Roy Lichtenstein

Atom Burst (Atomexplosion)

Lichtenstein Atom Burst Modern Art Museum Of Fort Worth 1500
  • Roy Lichtenstein
  • Atom Burst (Atomexplosion)
  • 1965
  • Acryl auf Holztafel
  • 61 x 61 cm
  • Collection of the Modern Art Museum of Fort Worth, The Benjamin J. Tillar Memorial Trust © VG Bild-Kunst, Bonn 2016. Photo: Kevin Todora

Als eine der zentralen Gestalten für die Entwicklung der Pop-Art in Amerika verzichtete Roy Lichtenstein auf sämtliche Spuren konventioneller malerischer Zeichen zugunsten von Werken, die das entpersönlichte, mechanische Erscheinungsbild ihrer massenmedialen Quellen übernahmen. Lichtenstein eignete sich Bilder aus populären Comicserien an, insbesondere solche, die kitschige Liebes- und heroische Kriegsgeschichten zum Gegenstand hatten, und reproduzierte diese isolierten, narrativen Fragmente im monumentalen Maßstab der Historienmalerei. Obwohl die Werke tatsächlich von Hand ausgeführt wurden und der Künstler charakteristischerweise die Kompositionen der ursprünglichen Einzelbilder einer Geschichte änderte, erzeugten diese Gemälde den ebenso skandalösen wie falschen Eindruck, er habe einfach nur kommerzielle Motive auf die Leinwand übertragen und so den Unterschied zwischen Hoch- und Trivialkultur aufgehoben.

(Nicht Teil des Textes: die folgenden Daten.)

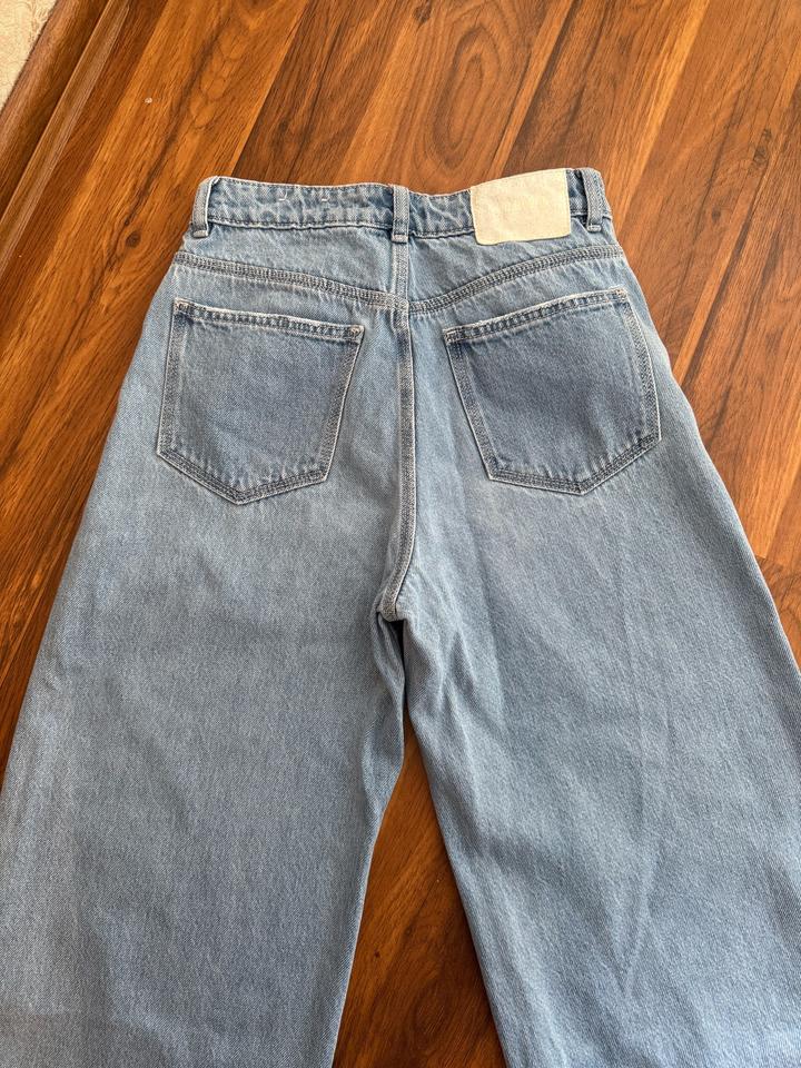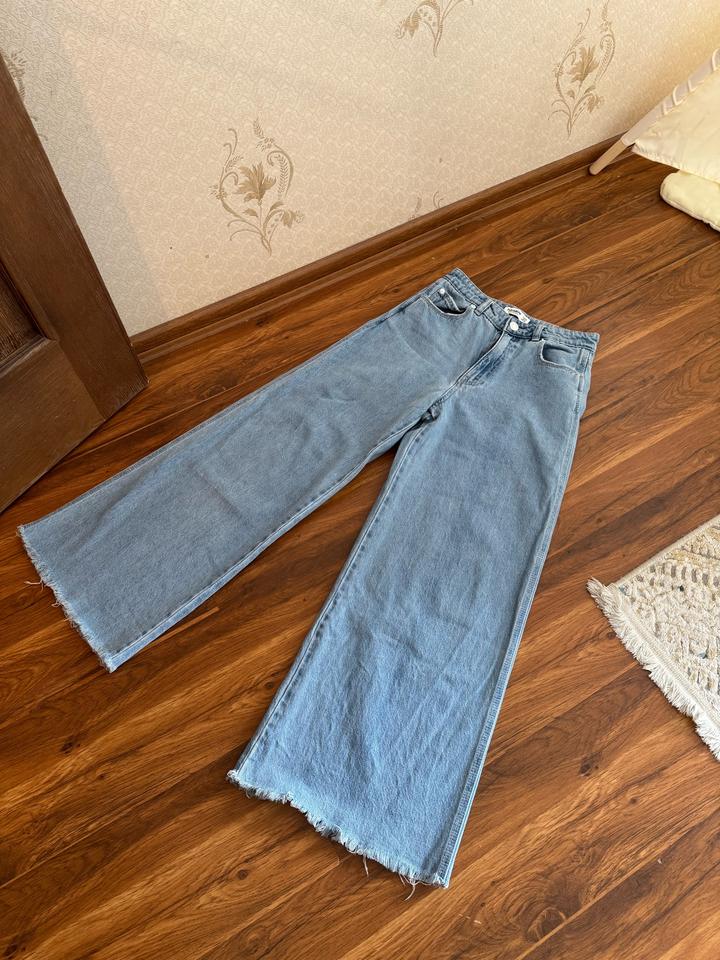 Джинсы широкие, очень стильные, офигенный голубой цвет. Носила пару раз, так как талия слишком большая оказалась для меня. качество отличное Артикул: 578855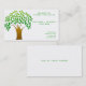 A wonderful graphic of a pretty green tree graces this business card on the left side. Done on a white background with matching green text, this business card is striking. All text is customizable.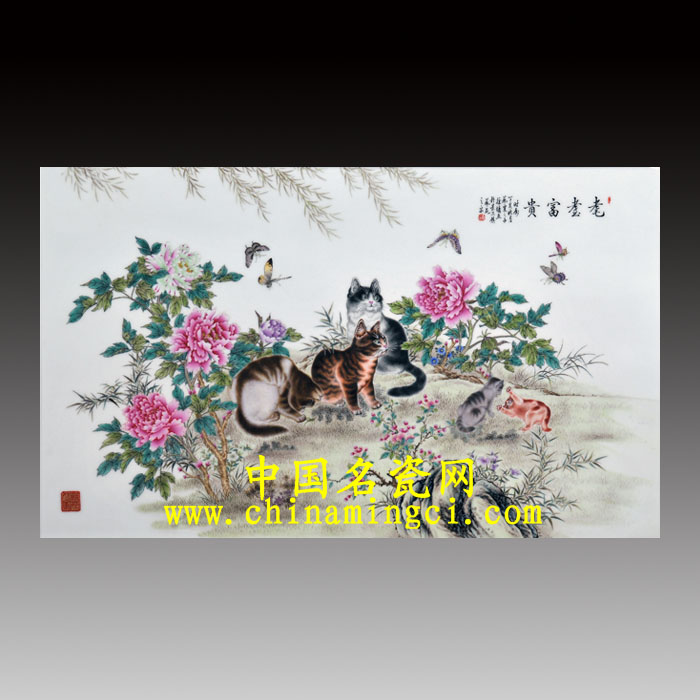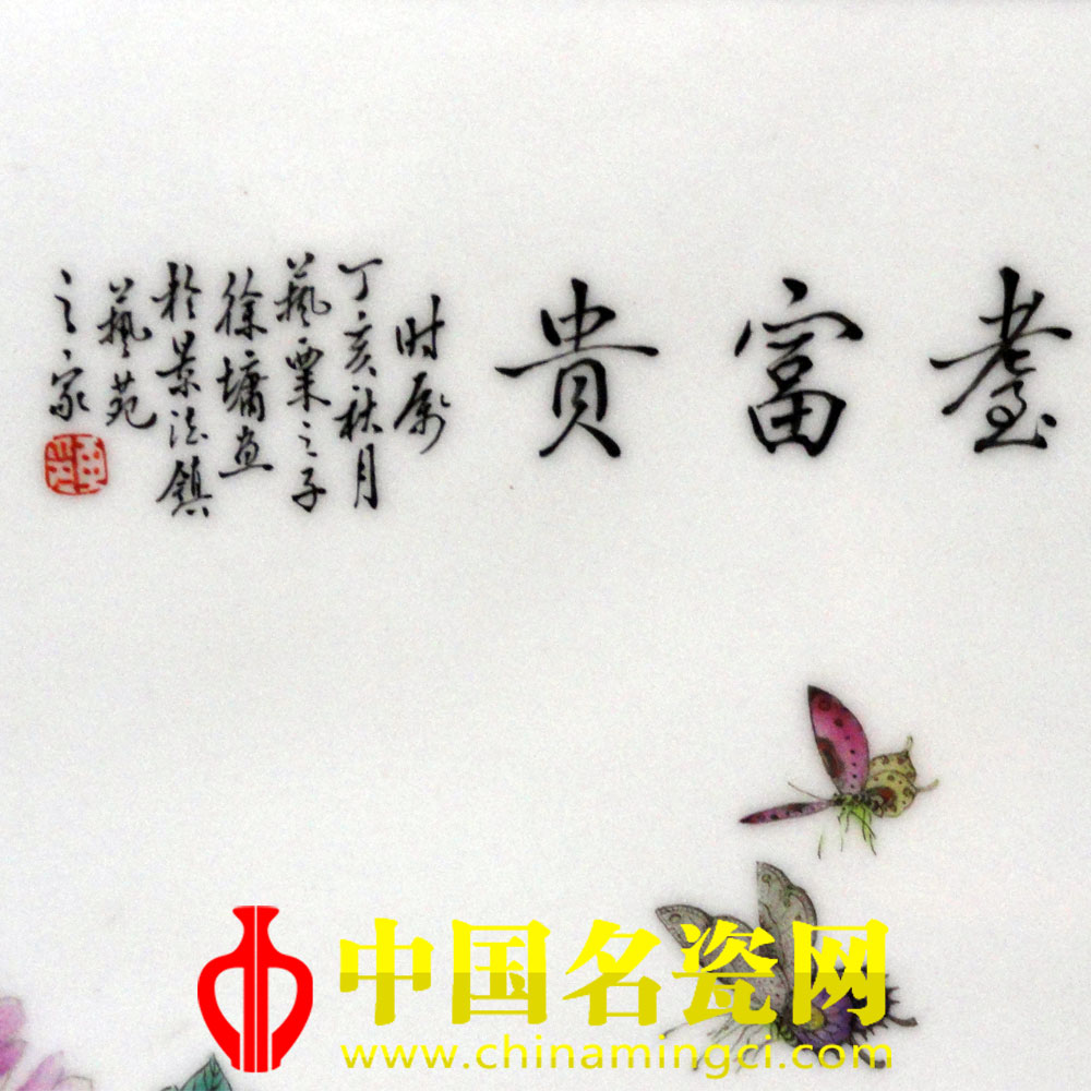 瓷板右上角落款:“时属丁亥秋月艺粟之子徐墉画於景德镇艺苑之家”。铃红色:“作”“之印”章,左下角铃:“艺苑之家”章(郝丽敏)

Mitte der 1960er-Jahre erweiterte Lichtenstein seine Themenpalette und beschränkte sich bei der Auswahl seiner Motive nicht mehr nur auf Comichefte, sondern bezog auch eine Reihe anderer kommerzieller und massenmedialer Bildquellen mit ein, obwohl er sich auch weiterhin an den ästhetischen Codes billiger Druckerzeugnisse orientierte, wie dies Atom Burst (1965) zeigt: dicke schwarze Umrisslinien, matte Farben und Schablonenmuster, die das niedrigauflösende Benday-Dots-Druckverfahren nachahmen. Lichtenstein schildert den emporsteigenden Atompilz als comicartige Explosion, bedient sich also der Bildsprache der populären Unterhaltungsindustrie, um ein zur Ikone gewordenes Sinnbild von Tod und Zerstörung darzustellen. Das Bild des Atompilzes ist sofort zu erkennen und zugleich vollkommen unspezifisch, da es weniger als Emblem der Tragödie der Menschheit denn als weitverbreitete Bildtrope präsentiert wird.

Rachel Wetzler

Biografie von Roy Lichtenstein

  • Geboren 1923 in New York, New York, Vereinigte Staaten
  • Gestorben 1997 in New York, New York, Vereinigte Staaten

Roy Lichtenstein war einer der ersten Pop-Art-Künstler und ist einer der bekanntesten. 1940 besuchte er Kurse an der Art Students League in New York. Nach dem Abschluss der Highschool schrieb er sich an der Ohio State University ein, unterbrach sein Studium jedoch, um im Zweiten Weltkrieg Militärdienst zu leisten. 

1945 machte er seinen Bachelor-, vier Jahre später seinen Masterabschluss. Anschließend arbeitete er als Dozent an der Hochschule und begann seriell zu arbeiten. Als Inspirationsquelle dienten ihm unter anderem gedruckte Vorlagen. 1951 hatte er seine erste Einzelausstellung in der Carlebach Gallery in New York. 1960 begann er mit Sujets und Bildern aus den Massenmedien zu arbeiten und entwickelte seinen charakteristischen Stil, indem er mit von Hand aufgetragenen Punktrastern das industrielle Rasterdruckverfahren simulierte. 

Lichtenstein gehörte zu der ersten Gruppe von Pop-Art-Künstlern, die 1962 an einer viel beachteten Ausstellung in der New Yorker Leo Castelli Gallery teilnahmen. Ende der 1960er-Jahre zeigten das Pasadena Art Museum, das Stedelijk Museum in Amsterdam und das Solomon R. Guggenheim Museum in New York erste Retrospektiven seines Werks. Lichtensteins Œuvre umfasst mehr als 5 000 Gemälde, Drucke, Zeichnungen, Skulpturen und Wandgemälde.